Altocumulus castellanus clouds take their name from their resemblance to the turrets of castles and are often a warning of thunderstorms.
Height of base: (7,000 - 18,000 ft).
Shape: A collection of small individual clouds, sometimes with “castle” towers proceeding from the top.
Latin: altum - height; cumulus – heap; castellanus = like a castle
Precipitation: Usually a few large droplets of rain, often evaporating before they reach the ground.
What are Castellanus clouds?
Altocumulus Castellanus clouds take their name from a resemblance to the turrets of castles and are often a warning of thunderstorms.

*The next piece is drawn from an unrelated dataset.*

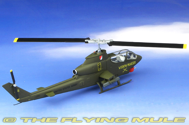 The 11th Armored Cavalry of the US Army has one mission: to provide the most capable and lethal arms-opposing force in the world. The members of the "Blackhorse" are known for their brutal training in the Mojave Desert. Designed to meet an urgent US Army requirement for a helicopter gunship, the Bell AH-1 Cobra-sometimes called The Snake-was first flown on September 7th, 1965. Troop-carrying Hueys depended on the Cobra for fire support; it was fast and very maneuverable, and its narrow 38-inch airframe made for a difficult target. Its main armament was its three-barrel 20mm Gatling gun mounted in a chin turret, but it was also capable of using a variety of other weapons including rocket pods, cannon pods, minigun pods and missiles. Replaced by Apaches in the 1990s, the Cobra now serves the US Forest Service as a firefighter. © Copyright 2003-2025 The Flying Mule, Inc. The Corgi "Aviation Archive" range presents highly-detailed, ready-made diecast models of military and civilian aircraft. The vast Aviation Archive range has become the standard by which all other diecast airplane ranges are judged. Each Corgi model is based on a specific aircraft from an important historical or modern era of flight, and has been authentically detailed from original documents and archival library material. Famous airplanes and aviators from both military and commercial airline aviation are all honored. Corgi "Aviation Archive" diecast airplanes feature: - Diecast metal construction with some plastic components.

How do Castellanus clouds form?
Like other cumulus clouds, Castellanus clouds are caused by unstable air heated from below rising rapidly, causing water droplets to condense. The difference is that, whereas cumulus or cumulonimbus clouds are triggered by instability near the surface and heat from the sea or the ground, Altocumulus Castellanus clouds occur when the instability only starts much higher up. Although the cloud shapes look small to the eye, this is only because we see them from a great distance as they are so high up.
What weather is associated with Castellanus clouds?

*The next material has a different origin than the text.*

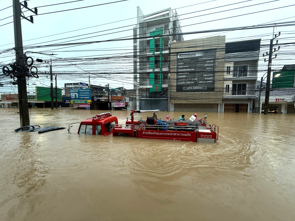 11月24日,泰国南部宋卡府,一辆消防车被洪水淹没,人们在车上避难。

Castellanus clouds are associated with lightning, often jumping from cloud to cloud without getting anywhere near the ground. Seeing Castellanus clouds is often a sign that Cumulonimbus clouds are on their way, with their associated heavy showers, strong gusty winds as well as thunder and lightning.
How do we categorise Castellanus clouds?
Castellanus are a subset of Altocumulus clouds.